Baruch Alter HaCohen Taub (ברוך אלתר הכהן טאוב) is the founding rabbi and Rabbi Emeritus of the Beth Avraham Yoseph of Toronto Congregation (BAYT), the largest Orthodox congregation in Canada. He also served as the de facto chief rabbi of Vaughan, Ontario, and is the former National Director of NCSY. He currently lives in Netanya, Israel.

==Biography==
Rabbi Taub received his rabbinic ordination from Yeshivas Ner Yisroel of Baltimore, MD. He holds a master's degree from Loyola College of Maryland and a Doctorate of Philosophy from the Maimonides College of Ontario.

He became National Director of NCSY in 1976, following the departure of Rabbi Pinchas Stolper to become Executive Vice President of the Orthodox Union. He served in this post until 1980, when he left to become the spiritual leader of the BAYT Congregation.

His selection as founding rabbi of the BAYT Congregation came about through his introduction to Canadian philanthropist Joseph Tannenbaum by Rabbi Nota Schiller of Yeshivat Ohr Somayach. Tannenbaum was interested in starting a synagogue in northern Toronto, and Schiller introduced him to the dynamic Ner Yisroel graduate then living in New York with his wife and five children. Rabbi Taub started the BAYT Congregation in his living room with 13 families in 1980, and continued shepherding it as the sole rabbi. By the time of his retirement in 2010, the congregation had grown to 600 to 700 families, making it the largest Orthodox congregation in Canada.

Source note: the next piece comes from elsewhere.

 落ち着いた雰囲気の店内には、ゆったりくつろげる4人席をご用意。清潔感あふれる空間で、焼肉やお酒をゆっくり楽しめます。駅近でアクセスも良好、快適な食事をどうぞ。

Rabbi Taub is a noted speaker on Orthodox Jewish outreach and the teshuva movement. He delivered the keynote speech to the 1996 AJOP Convention on the subject "The Teshuvah Movement: The next generation". During his tenure as Rabbi of BAYT, he spoke at Israel solidarity rallies and led his congregation on annual solidarity missions to Israel. He led the 11th Siyum HaShas at Yeshivas Chachmei Lublin in Lublin, Poland.

==Personal==
Rabbi Taub's first wife, Judy Blustein, died in October 2001. A guidance centre was dedicated in her memory in the Beit El Israeli settlement in the West Bank - BAYT's twin city - in November 2002.

Rabbi Taub and his second wife, Malkah, made aliyah to Netanya, Israel, in December 2010.

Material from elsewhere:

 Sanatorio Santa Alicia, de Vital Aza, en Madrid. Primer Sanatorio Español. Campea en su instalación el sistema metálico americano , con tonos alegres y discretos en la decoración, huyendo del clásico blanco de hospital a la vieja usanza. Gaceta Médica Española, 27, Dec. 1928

His son Moshe was the rabbi of Young Israel of Greater Buffalo since September 2003 and is the supervising rabbi of the Vaad Hakashrut (Kosher-Supervising Board) of Buffalo, New York, as well as the rabbinic editor & weekly contributor for Ami Magazine. He is now the Rabbi of Young Israel of Holliswood. Another son, Shimon, is a Torah scholar and author of The Laws of Tzedakah and Maaser: A comprehensive guide, published by ArtScroll.

==Selected bibliography==
- "Shabbaton Manual" (1977)
- Preface to Kaplan, Aryeh. The Aryeh Kaplan Anthology: Illuminating expositions on Jewish thought and practice by a revered teacher. Mesorah Publications Ltd., 1991, pp. 15-16. ISBN 0-89906-866-9.
- "Parashat Balak" in Torah insights: Divrei Torah on the Parshiot Hashavua by leading rabbis and teachers, Bertram Leff and Yisrael Epstein, eds. Union of Orthodox Jewish Congregations of America, 2000, pp. 245-246. ISBN 1-57819-542-X.
- Gedola HaTeshuva (Hebrew)
- And The Dove Found Rest: Essays on the weekly Torah Portion Volume 1, 2017
- And The Dove Found Rest: Essays on the weekly Torah Portion Volume 2, 2018
- Kanfei Yona: Essays on the weekly Torah Portion (Hebrew), 2021.